» Aim of the task:
Both the line with "Die zwei Schlaf- bzw." and the line with "6月21日19:30—6月3" in the records below must appear in the output, along with every line between them, exactly and with nothing added.

» Material supplied:
———

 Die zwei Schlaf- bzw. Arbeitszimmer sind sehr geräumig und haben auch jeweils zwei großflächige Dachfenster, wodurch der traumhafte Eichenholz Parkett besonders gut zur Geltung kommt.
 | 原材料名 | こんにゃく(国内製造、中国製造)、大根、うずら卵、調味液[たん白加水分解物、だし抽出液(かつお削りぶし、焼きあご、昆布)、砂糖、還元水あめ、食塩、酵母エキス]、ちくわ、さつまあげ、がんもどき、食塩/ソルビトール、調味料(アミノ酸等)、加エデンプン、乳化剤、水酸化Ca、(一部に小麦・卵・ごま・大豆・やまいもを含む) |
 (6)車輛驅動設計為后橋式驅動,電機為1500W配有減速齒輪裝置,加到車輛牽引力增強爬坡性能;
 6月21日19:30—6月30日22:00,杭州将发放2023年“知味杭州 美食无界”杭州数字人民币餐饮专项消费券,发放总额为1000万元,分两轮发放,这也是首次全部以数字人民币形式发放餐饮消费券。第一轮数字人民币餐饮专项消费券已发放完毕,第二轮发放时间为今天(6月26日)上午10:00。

———

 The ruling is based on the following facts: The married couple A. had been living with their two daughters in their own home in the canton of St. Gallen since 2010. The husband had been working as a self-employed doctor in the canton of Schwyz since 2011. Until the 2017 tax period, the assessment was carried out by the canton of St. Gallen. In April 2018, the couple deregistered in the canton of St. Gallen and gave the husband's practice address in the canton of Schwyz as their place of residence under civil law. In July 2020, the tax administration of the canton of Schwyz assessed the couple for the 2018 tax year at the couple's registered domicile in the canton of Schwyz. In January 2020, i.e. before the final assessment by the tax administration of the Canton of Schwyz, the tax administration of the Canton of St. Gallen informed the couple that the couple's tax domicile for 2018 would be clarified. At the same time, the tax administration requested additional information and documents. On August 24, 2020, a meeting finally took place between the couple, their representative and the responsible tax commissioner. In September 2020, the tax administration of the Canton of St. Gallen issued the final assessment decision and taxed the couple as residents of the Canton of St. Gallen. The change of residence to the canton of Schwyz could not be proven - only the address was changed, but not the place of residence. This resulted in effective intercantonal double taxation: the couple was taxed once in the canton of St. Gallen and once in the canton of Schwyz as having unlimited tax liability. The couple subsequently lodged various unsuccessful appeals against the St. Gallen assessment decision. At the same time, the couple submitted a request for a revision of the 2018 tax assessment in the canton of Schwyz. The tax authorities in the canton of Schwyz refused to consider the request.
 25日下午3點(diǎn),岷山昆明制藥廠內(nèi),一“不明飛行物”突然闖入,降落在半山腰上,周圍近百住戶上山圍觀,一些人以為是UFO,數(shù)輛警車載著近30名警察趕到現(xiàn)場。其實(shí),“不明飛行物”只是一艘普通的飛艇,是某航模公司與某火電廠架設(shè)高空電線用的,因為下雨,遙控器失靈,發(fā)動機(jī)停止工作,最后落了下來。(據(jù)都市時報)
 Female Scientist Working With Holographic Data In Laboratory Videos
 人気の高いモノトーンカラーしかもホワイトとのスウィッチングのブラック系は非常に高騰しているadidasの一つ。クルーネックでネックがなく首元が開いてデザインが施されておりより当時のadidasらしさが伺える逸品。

———

» Exercise result:
 Die zwei Schlaf- bzw. Arbeitszimmer sind sehr geräumig und haben auch jeweils zwei großflächige Dachfenster, wodurch der traumhafte Eichenholz Parkett besonders gut zur Geltung kommt.
 | 原材料名 | こんにゃく(国内製造、中国製造)、大根、うずら卵、調味液[たん白加水分解物、だし抽出液(かつお削りぶし、焼きあご、昆布)、砂糖、還元水あめ、食塩、酵母エキス]、ちくわ、さつまあげ、がんもどき、食塩/ソルビトール、調味料(アミノ酸等)、加エデンプン、乳化剤、水酸化Ca、(一部に小麦・卵・ごま・大豆・やまいもを含む) |
 (6)車輛驅動設計為后橋式驅動,電機為1500W配有減速齒輪裝置,加到車輛牽引力增強爬坡性能;
 6月21日19:30—6月30日22:00,杭州将发放2023年“知味杭州 美食无界”杭州数字人民币餐饮专项消费券,发放总额为1000万元,分两轮发放,这也是首次全部以数字人民币形式发放餐饮消费券。第一轮数字人民币餐饮专项消费券已发放完毕,第二轮发放时间为今天(6月26日)上午10:00。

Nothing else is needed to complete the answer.